Ruang itu terutama dibutuhkan saat muncul perbedaan pandangan atau rasa tidak nyaman. Ketimbang memaksakan pembicaraan saat emosi muncul, mereka memilih mengambil jeda terlebih dahulu.
Pertemanan Lama Membantu Mengelola Perbedaan
Ikke Nurjanah mengatakan ketiganya telah lama berteman dan sudah saling mengenal karakter masing-masing. Pengalaman tersebut membuat mereka memahami bahwa tidak semua keberatan harus disampaikan secara langsung pada saat itu juga.
Perbedaan pendapat tetap mungkin terjadi di antara tiga penyanyi tersebut. Namun, mereka berusaha mengetahui kapan harus mundur sementara dan membiarkan rekannya menenangkan diri.
Menurut Kristina, setiap persoalan yang muncul akhirnya dapat dihadapi karena mereka menemukan solusi masing-masing. Pesan atau keberatan kecil kemudian dapat disampaikan tanpa menjadikannya sebagai pertengkaran.
Pola itu membantu mereka memisahkan masalah sesaat dari hubungan pertemanan yang telah dibangun. Mereka tidak membiarkan satu situasi yang mengganjal menentukan suasana kebersamaan dalam jangka panjang.
Jeda Menjadi Cara Meredakan Suasana
Ikke menjelaskan bahwa Tiga Kembang lebih banyak diam terlebih dahulu ketika ada gesekan. Cara tersebut dipilih agar setiap anggota tidak berbicara dalam keadaan perasaan yang masih tinggi.
“Kita tuh lebih banyak diem dulu pada-pada gitu,” ujar Ikke. Setelah situasi lebih tenang, persoalan yang dirasakan tetap disampaikan dan tidak dibiarkan tanpa pembicaraan.
Ia mengakui pernah mengutarakan kegelisahan kepada Kristina atau Cici jika merasa terganggu oleh sikap salah satunya. Namun, percakapan itu hanya dimaksudkan untuk menyampaikan perasaan, bukan memperpanjang ketegangan.
Saat kembali berkumpul, ketiganya berupaya mencairkan keadaan. Langkah tersebut membuat hubungan mereka dapat kembali berjalan normal setelah ada perbedaan.
Bukan Bentuk Pertengkaran
Kristina menegaskan bahwa masa saling diam tidak berarti mereka sedang bertengkar. Baginya, waktu itu dipakai untuk memikirkan konsep, mempertimbangkan apa yang akan dikatakan, dan memilih respons yang lebih tepat.

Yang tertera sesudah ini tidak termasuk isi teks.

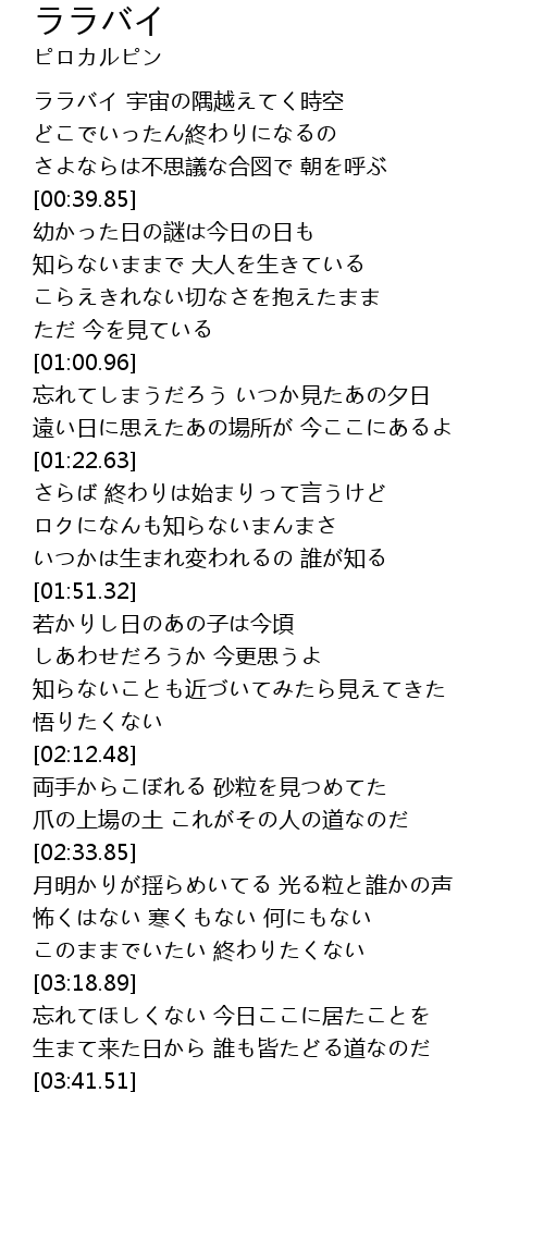 | [00:20.33] | ララバイ 宇宙の隅越えてく時空 |

“Kalau berantem mah kita nggak pernah. Diem-dieman, iya,” kata Kristina dalam perbincangan di Studio Pagi-pagi Ambyar Trans TV di Mampang, Jakarta Selatan, seperti dikutip hot.detik.com.
Ia kembali menjelaskan bahwa diam merupakan bagian dari proses berpikir sebelum komunikasi dilakukan. Dengan cara itu, pembicaraan dapat berlangsung saat masing-masing pihak lebih siap menerima sudut pandang rekannya.

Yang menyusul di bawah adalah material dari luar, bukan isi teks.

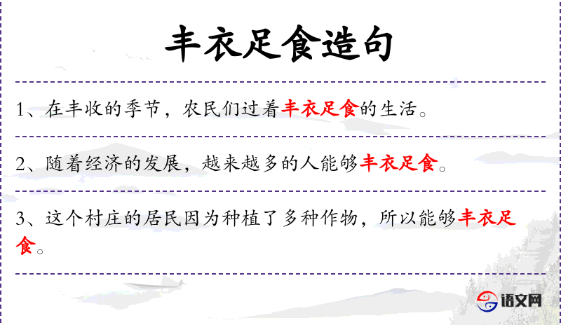 - 宾语:“丰衣足食”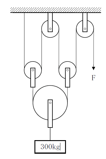 図のような組合せ滑車を用いて質量300㎏の荷をつるとき、これを支えるために必要な力Fの値は1~5のうちどれか。

Menikmati Penampilan Bersama
Kebutuhan menjaga suasana positif terasa semakin penting saat Tiga Kembang berada di atas panggung. Tiga karakter yang berbeda harus berjalan beriringan dalam satu penampilan.
Kristina mengajak Cici Paramida dan Ikke Nurjanah untuk menikmati kesempatan tampil bersama dengan rasa gembira. Saling memberi ruang, berbicara setelah tenang, dan menjaga suasana positif menjadi cara mereka merawat kebersamaan.